▸ **Material provided**
=-=-=
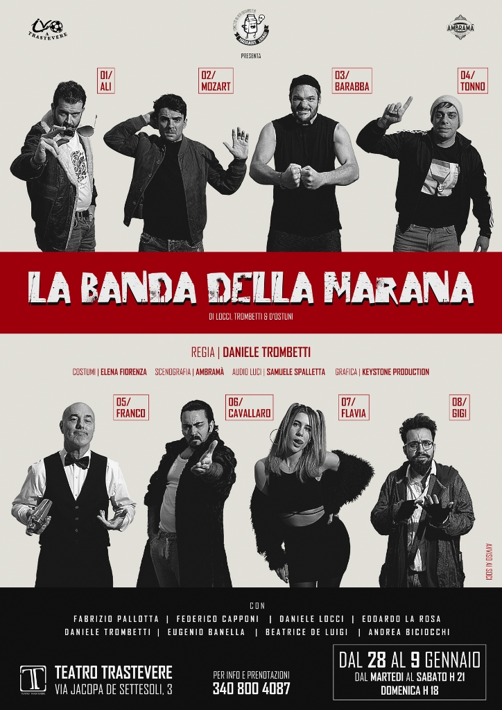 Dal 28 dicembre 2021 al 9 gennaio 2022 in scena al Teatro Trastevere di Roma lo spettacolo LA BANDA DELLA MARANA di Locci, Trombetti, D’Ostuni. Regia di Daniele Trombetti, con Edoardo La Rosa, Federico Capponi, Daniele Trombetti, Daniele Locci, Fabrizio Pallotta, Eugenio Banella, Beatrice De Luigi, Andrea Biciocchi.
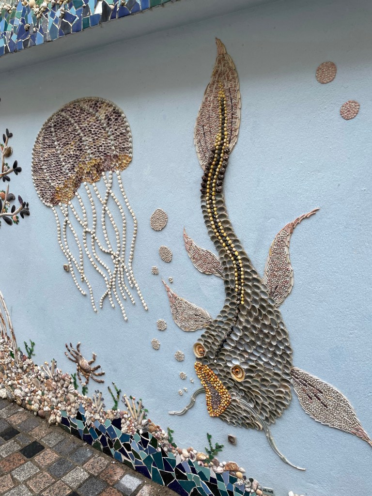 Dans la ville, nous visitons la quartier de l’île Penotte. Une artiste, Dan Aubrin décore le quartier par des fresques réalisées avec des coquillages. C’est surprenant et assez poétique.
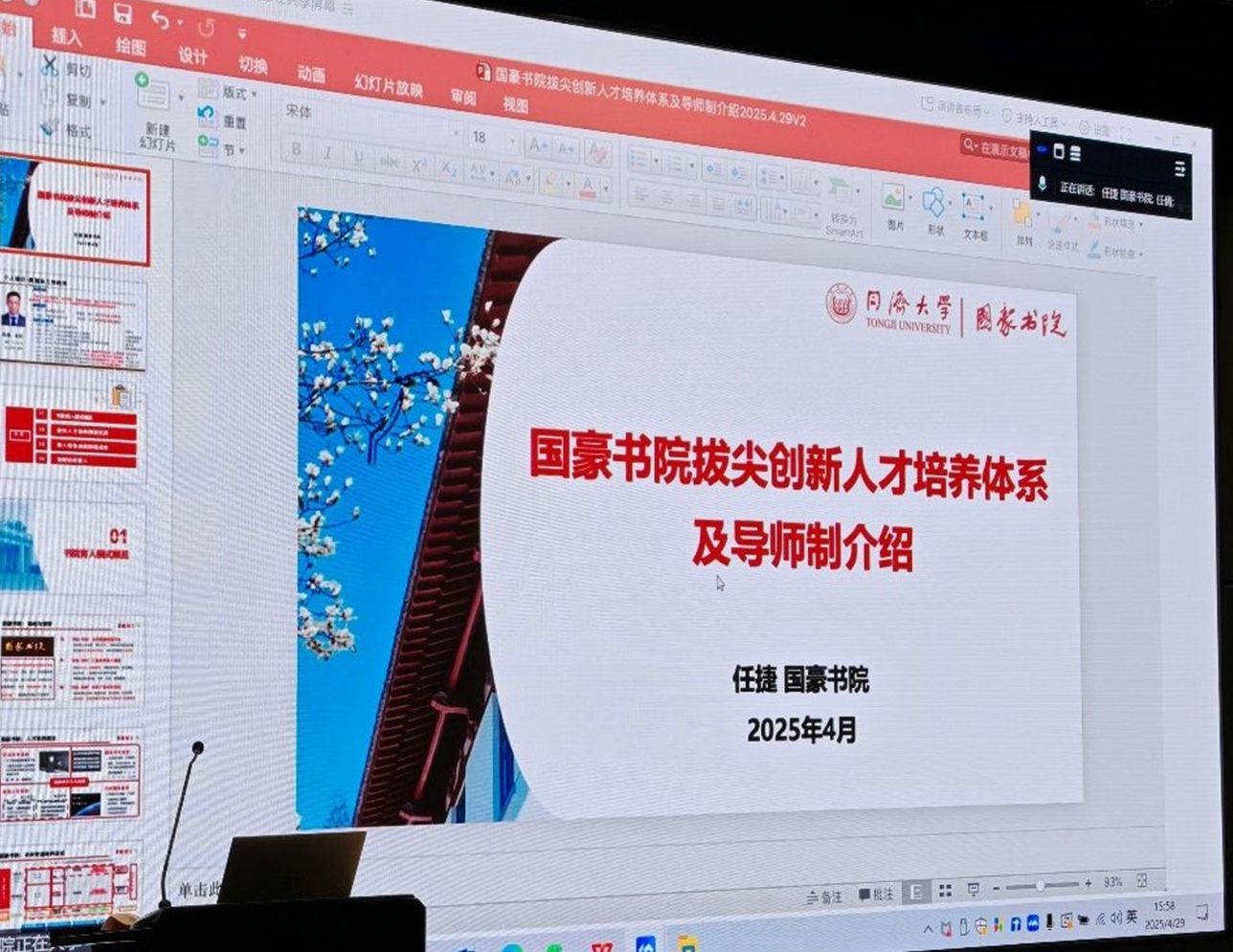 国豪书院副院长任捷教授围绕“国豪书院拔尖创新人才培养体系及导师制介绍”主题作专题报告。他指出,国豪书院作为同济大学人才培养模式改革的试点单位,积极探索以导师制和学分制为核心的拔尖创新人才培养体系。书院依托双院协同机制,与各专业学院共同搭建本研贯通、科教融合的育人平台。通过新生导师、学业导师等多层次导师制度,引导教师从本科低年级开始介入学生培养,实现科研全链条育人。书院还设立个性化课程模块、科研训练项目及创新创业专项,推动学生早进课题、早进实验室、早进团队,着力培育具有国际视野和创新能力的拔尖人才。
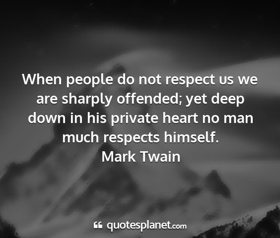 When people do not respect us we are sharply offended; yet deep down in his private heart no man much respects himself.Mark Twain
=-=-=
▸ **What to do**
Repeat the data verbatim through the "Dans la ville, nous" line, no pictures.

▸ **Exercise solution**
 Dal 28 dicembre 2021 al 9 gennaio 2022 in scena al Teatro Trastevere di Roma lo spettacolo LA BANDA DELLA MARANA di Locci, Trombetti, D’Ostuni. Regia di Daniele Trombetti, con Edoardo La Rosa, Federico Capponi, Daniele Trombetti, Daniele Locci, Fabrizio Pallotta, Eugenio Banella, Beatrice De Luigi, Andrea Biciocchi.
 Dans la ville, nous visitons la quartier de l’île Penotte. Une artiste, Dan Aubrin décore le quartier par des fresques réalisées avec des coquillages. C’est surprenant et assez poétique.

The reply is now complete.